OK, we can add extra labels to the margins, but what if we want to add extra elements or text to the plot itself? We can use either the points(), lines(), or text() functions to do just that. In all three cases, we need to provide some coordinates (x and usually y), and then provide some specific direction in terms of the plotting character (pch =), colour (col =), line width (lwd =) or size (cex =) for points; line type (lty =) or line width (lwd =) for lines; and labels (i.e., the text that goes at each coordinate, as for axis), size, colour, or font for text.

Another useful function is abline(), which adds straight lines to your plot. These lines can be specified either as an intercept and slope (therefore useful for plotting linear regression lines), or as horizontal or vertical lines given a specific value along the x or y axis. Look at the help file for abline, and add a dashed horizontal line to the current sparrow plot at 31.5 along the y axis.

plot(Head ~ Tarsus, data = BirdData, xaxt = 'n', xlab = '')
axis(side = 1, at = c(20, 21, 22))
mtext(side = 1, text = 'Tarsus (mm)', line = 2.5, font = 2)

abline(h = 31.5, lty = 2)

Finally, so far we have just placed one plot or pane in each graphics window. However, in many cases you will want multiple similar plots side-by-side, or different kinds of plots in the same overall figure. There are several ways to do this, but the easiest way to create a set of equal-size panels is to use a call to par() again. There are two arguments here, mfrow = and `mfcol = ’.

You use one of these arguments to set up the grid of panels, which you then fill, one-by-one, with separate uses of plot() (other which ever plotting function you want). Note If you plot more figures than the number of panels available, they will start to overwrite from the beginning.

As we said, par() has two similar arguments: mfrow and mfcol. Both arguments take a vector of the form c(number of columns, number of rows).

Using mfcol fills this grid by colums, using mfrow fills by rows. For example, par(mfrow = c(2, 2)) creates a graphics window with four panels, in a 2 x 2 layout.

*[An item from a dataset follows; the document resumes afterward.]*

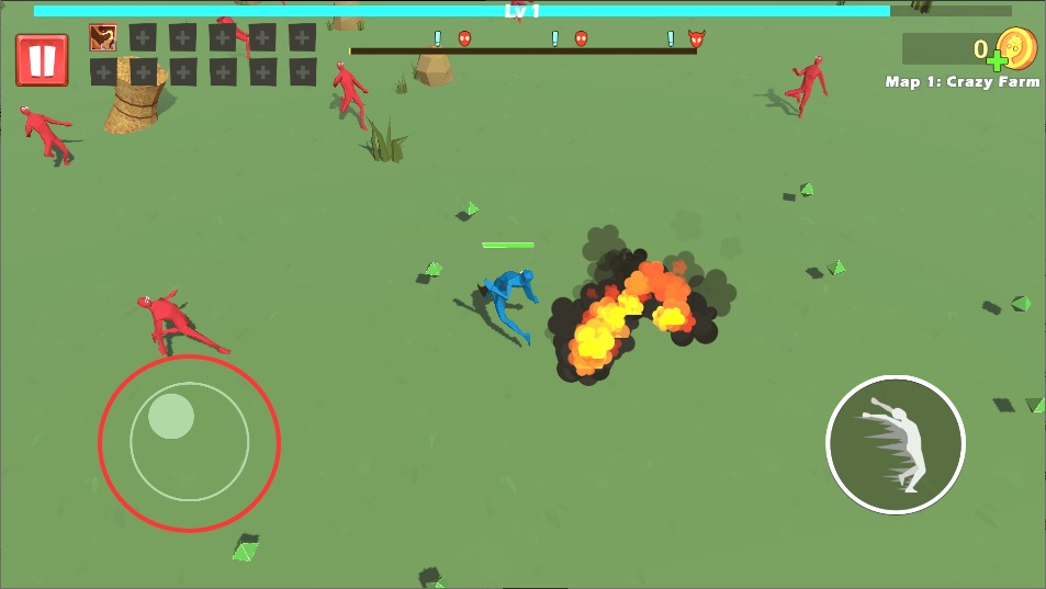 1、滑动屏幕控制角色灵活走位,角色会自动攻击范围内敌人,注意保持安全距离。

par(mfcol = c(4, 1)) creates a column of four panels.

OK.. now for the finale. Our quest is to make a figure with two graphs, side-by-side, the first being a scatterplot and the second a boxplot. First, use a call to par() to set the plotting window to a two-by-two pane grid. You can use either mfrow or mfcol.

par(mfrow = c(2,2))

In theory, nothing should have changed in your plot window. R has secretly set up the grid, but is waiting a call to plot(). Plot the first graph, which is our basic example of Head on Tarsus. However, set the axis labels to bold font.

par(mfrow = c(2,2))
plot(Head ~ Tarsus, data = BirdData, font.lab = 2)

For some reason that I cannot work out, swirl plots two figures each time we call plot(), which does not happen in regular R. So, don’t worry about that: it’s why we have a 2x2 grid!

If things do not look quite right, you may still end up with a plot. Running another call to plot() will add in the second pane, so you may need several tries to get things looking correct, and also to have that correct graph in the first pane. That is fine.. you are learning to use R in an interactive and interative way; well done!

Now, add the second pane, a boxplot of Head on Species, with the box colour set to red and the y-axis numbers horizontal.

par(mfrow = c(2,2))
plot(Head ~ Tarsus, data = BirdData, font.lab = 2)

plot(Head ~ Species, data = BirdData, col = 'red', las = 1)